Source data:
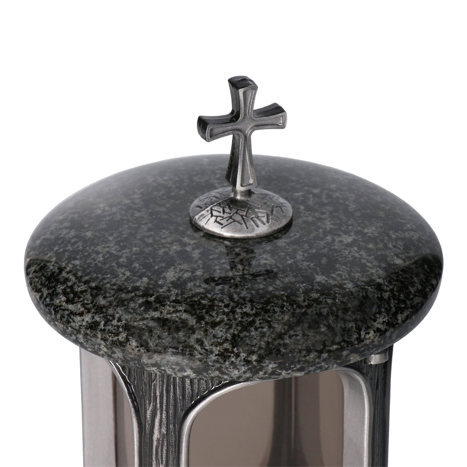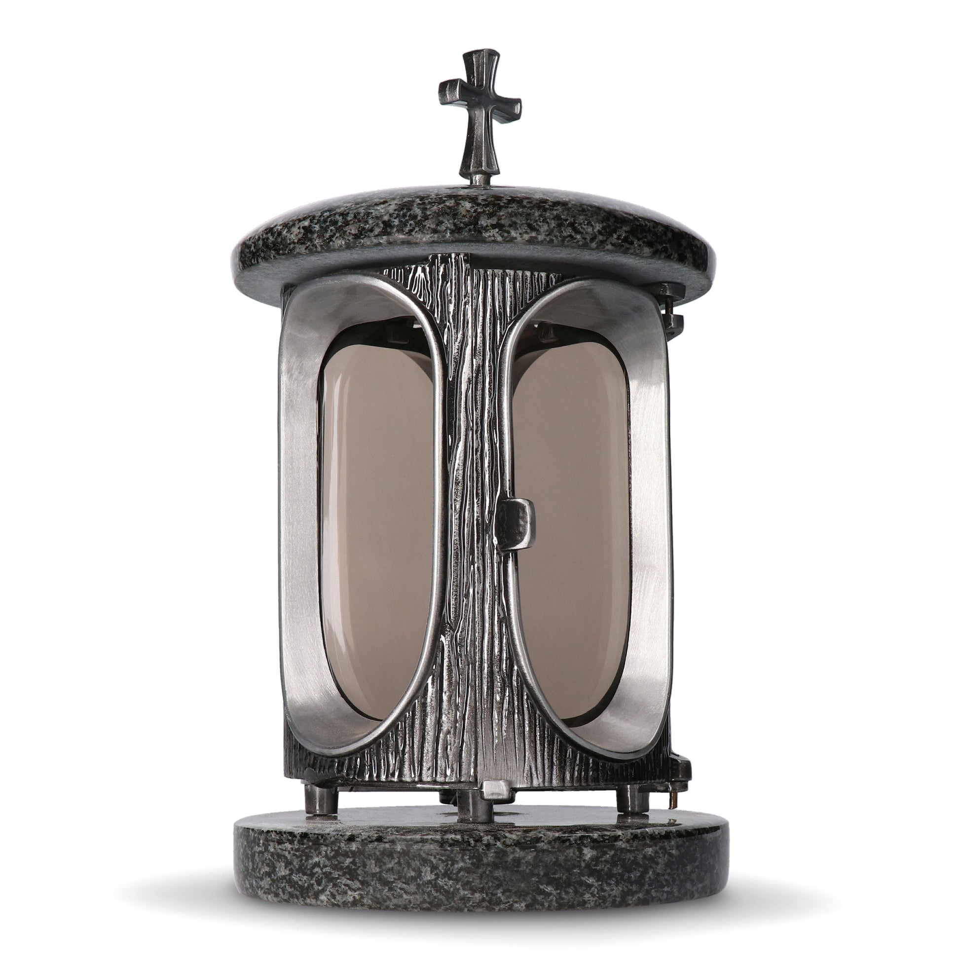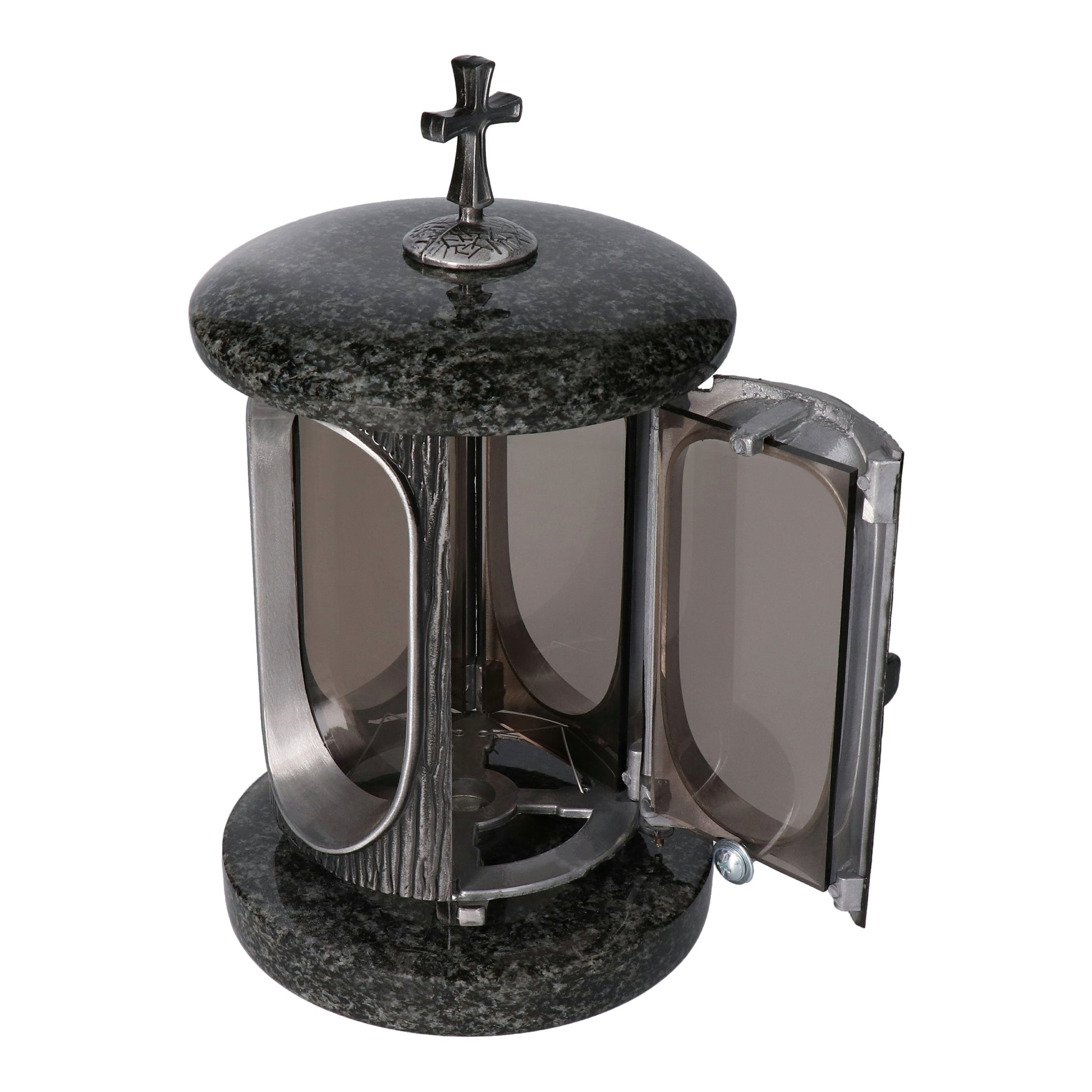 Die Grablaterne Elégant zeichnet sich durch ihre stilvolle und klassische Form aus, die einen würdevollen und zeitlosen Grabschmuck schafft. Sie ist aus einer Kombination von Granit und Aluminium gefertigt. Der Lampendeckel sowie der Sockel bestehen aus Granit, während der Lampenkörper und das Kreuz auf dem Deckel aus Aluminium hergestelltsind. Eine Tür im Lampenkörper ermöglicht ein bequemes Öffnen der Laterne. Dank aufwendiger Polierarbeiten erhält die Oberfläche einen glatten und glänzenden Look.
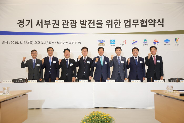 경기 평택시가 최근 부천 아트벙커에서 경기서부권문화관광협의회와 경기 서부권 관광발전을 위한 협약을 체결했다. 사진은 협약식에 참석한 이재명 도지사(왼쪽에서 네 번째)와 정장선 시장(왼쪽에서 두 번째) 등 7개시 단체장들이 협약 후 기념촬영하는 모습. (사진제공=평택시청)
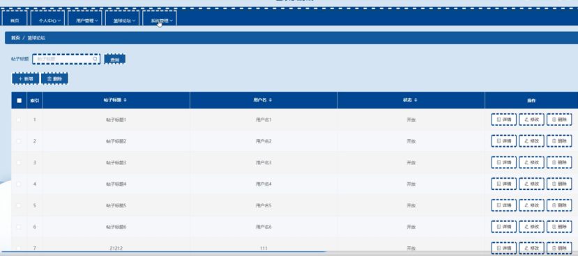 篮球论坛,在教师管理页面可以对索引、帖子标题、用户名、状态等内容进行详情、修改或删除等操作,如图5-8所示。
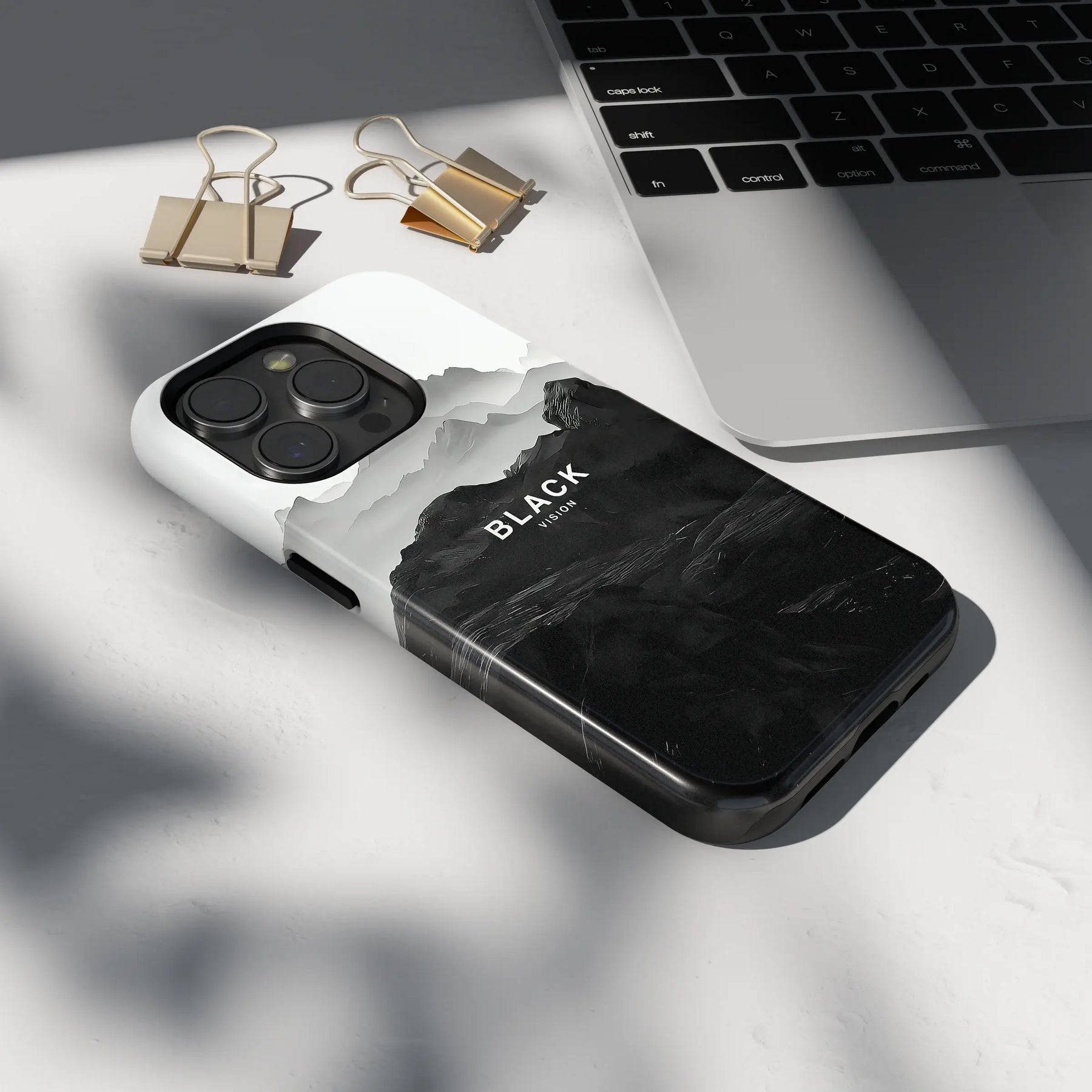 Embrace the calm strength of the mountains with the Silent Peaks case. Designed with a stunning monochrome landscape, this case captures the mystique of misty summits and quiet horizons. Its minimalist black-and-gray tones blend modern elegance with rugged inspiration, making it the perfect accessory for those who seek style and adventure in one.
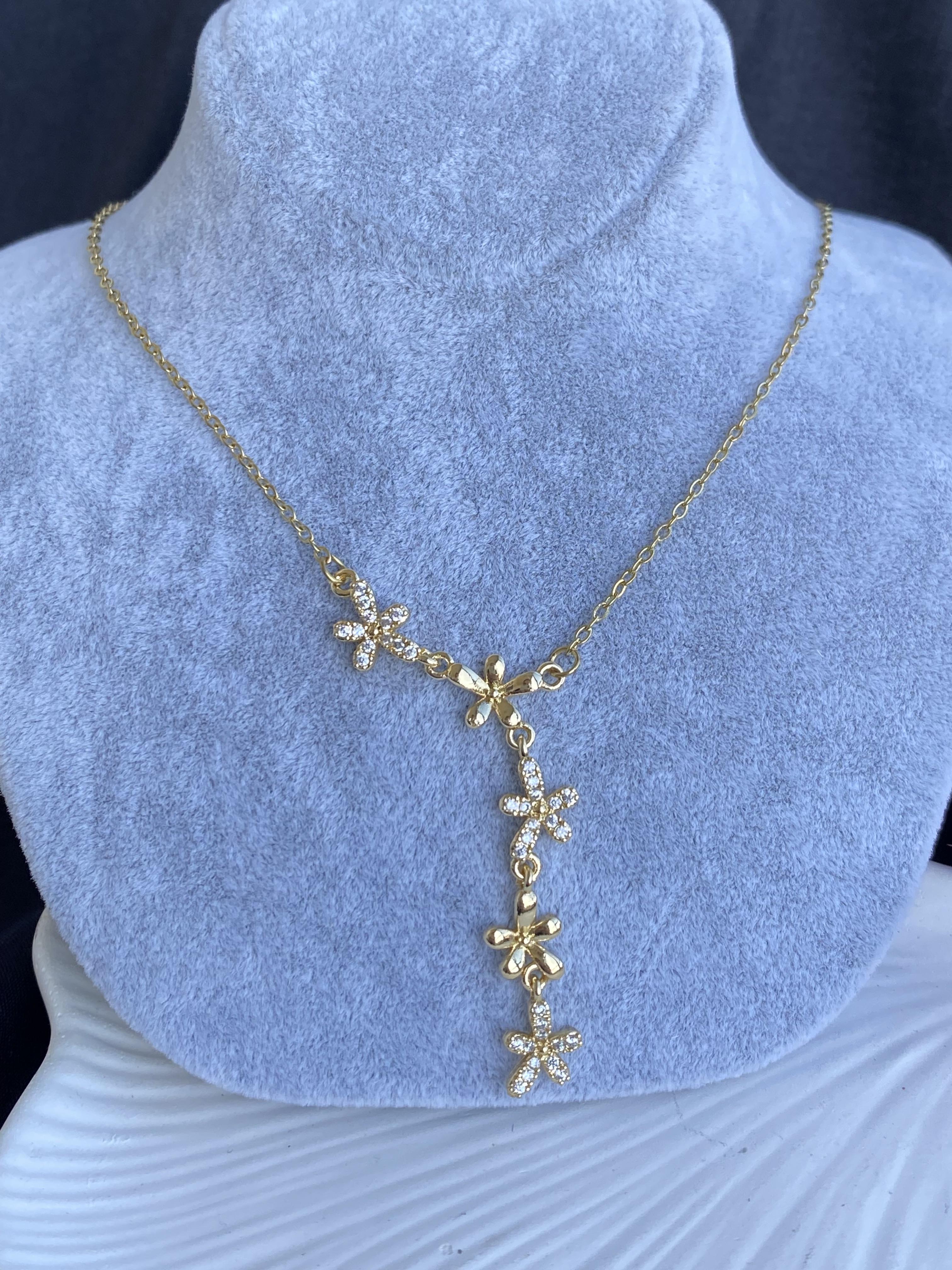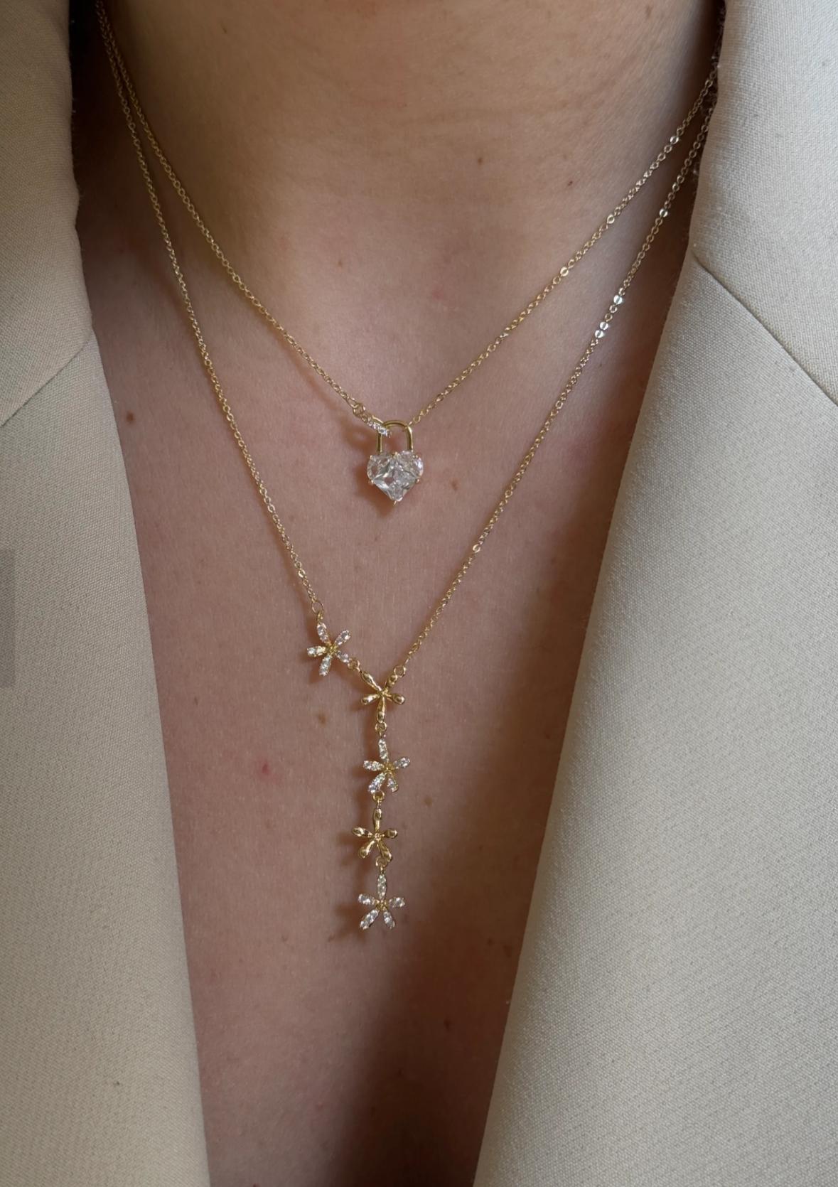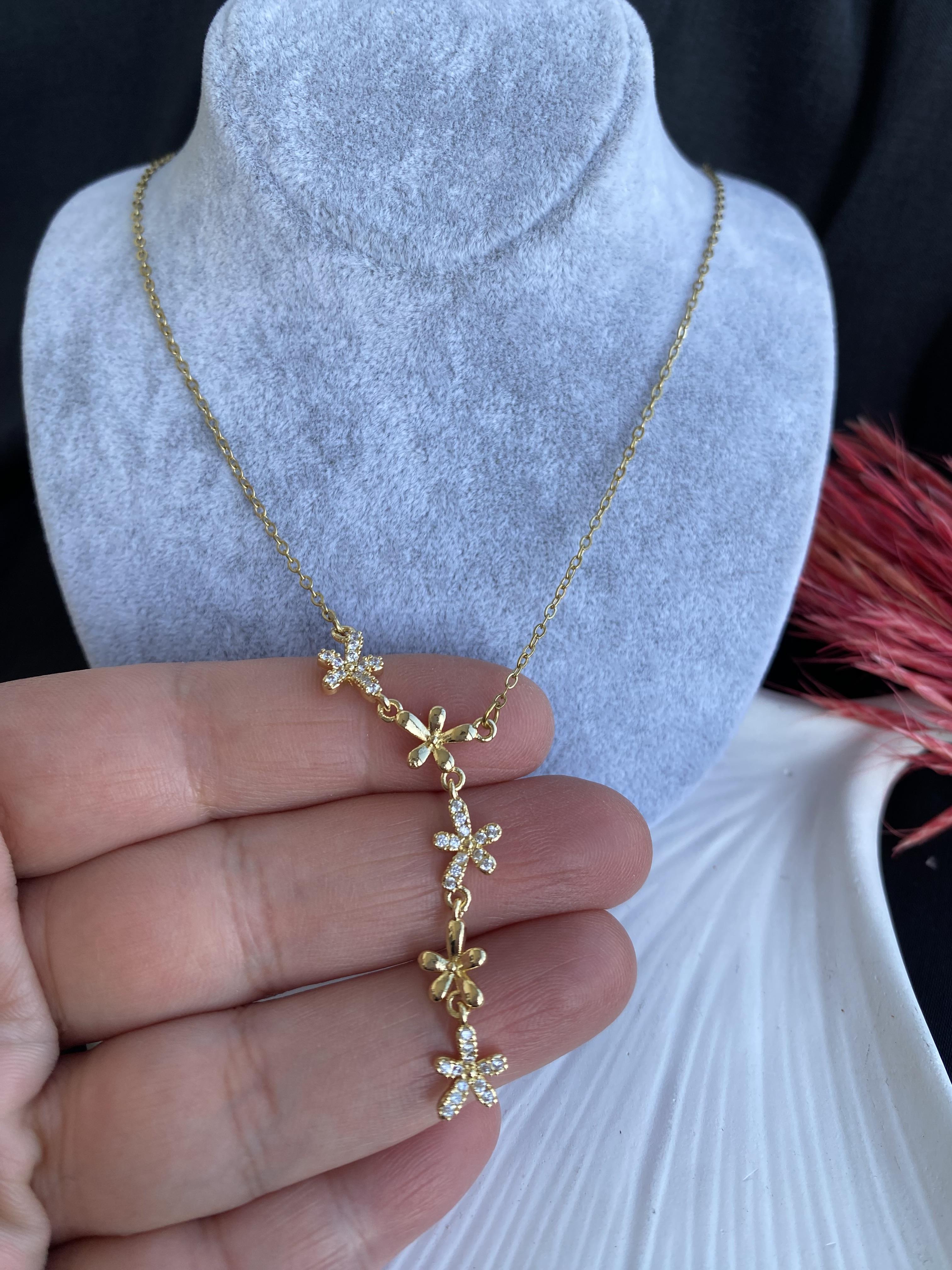 Çelik | Gold Zirkon taşlı sallantılı Y kolye
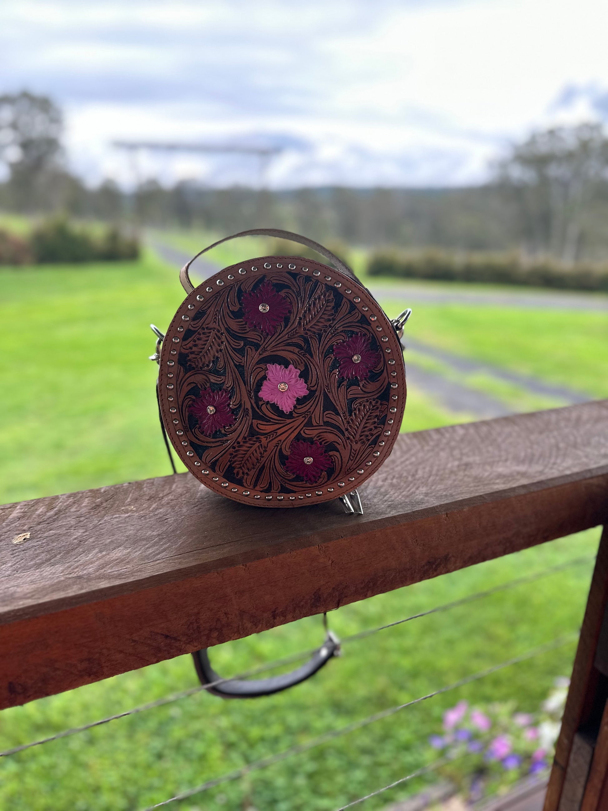 Add a pop of charm to your wardrobe with this stunning round leather shoulder bag, beautifully crafted for the bold and the stylish. Featuring intricate hand-tooled floral detailing in rich pink and maroon tones, this bag is the perfect blend of Western elegance and modern flair.
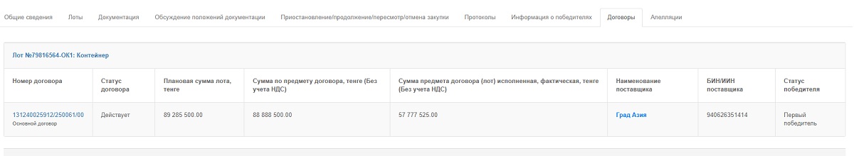 Заказчиком лота выступал Актауский городской отдел жилищно-коммунального хозяйства. Победителем конкурса стал ИП «Град Азия».

> [What the task asks]
Nothing but the records, copied exactly and stripped of pictures, should be returned.

> [Your response]
 Die Grablaterne Elégant zeichnet sich durch ihre stilvolle und klassische Form aus, die einen würdevollen und zeitlosen Grabschmuck schafft. Sie ist aus einer Kombination von Granit und Aluminium gefertigt. Der Lampendeckel sowie der Sockel bestehen aus Granit, während der Lampenkörper und das Kreuz auf dem Deckel aus Aluminium hergestelltsind. Eine Tür im Lampenkörper ermöglicht ein bequemes Öffnen der Laterne. Dank aufwendiger Polierarbeiten erhält die Oberfläche einen glatten und glänzenden Look.
 경기 평택시가 최근 부천 아트벙커에서 경기서부권문화관광협의회와 경기 서부권 관광발전을 위한 협약을 체결했다. 사진은 협약식에 참석한 이재명 도지사(왼쪽에서 네 번째)와 정장선 시장(왼쪽에서 두 번째) 등 7개시 단체장들이 협약 후 기념촬영하는 모습. (사진제공=평택시청)
 篮球论坛,在教师管理页面可以对索引、帖子标题、用户名、状态等内容进行详情、修改或删除等操作,如图5-8所示。
 Embrace the calm strength of the mountains with the Silent Peaks case. Designed with a stunning monochrome landscape, this case captures the mystique of misty summits and quiet horizons. Its minimalist black-and-gray tones blend modern elegance with rugged inspiration, making it the perfect accessory for those who seek style and adventure in one.
 Çelik | Gold Zirkon taşlı sallantılı Y kolye
 Add a pop of charm to your wardrobe with this stunning round leather shoulder bag, beautifully crafted for the bold and the stylish. Featuring intricate hand-tooled floral detailing in rich pink and maroon tones, this bag is the perfect blend of Western elegance and modern flair.
 Заказчиком лота выступал Актауский городской отдел жилищно-коммунального хозяйства. Победителем конкурса стал ИП «Град Азия».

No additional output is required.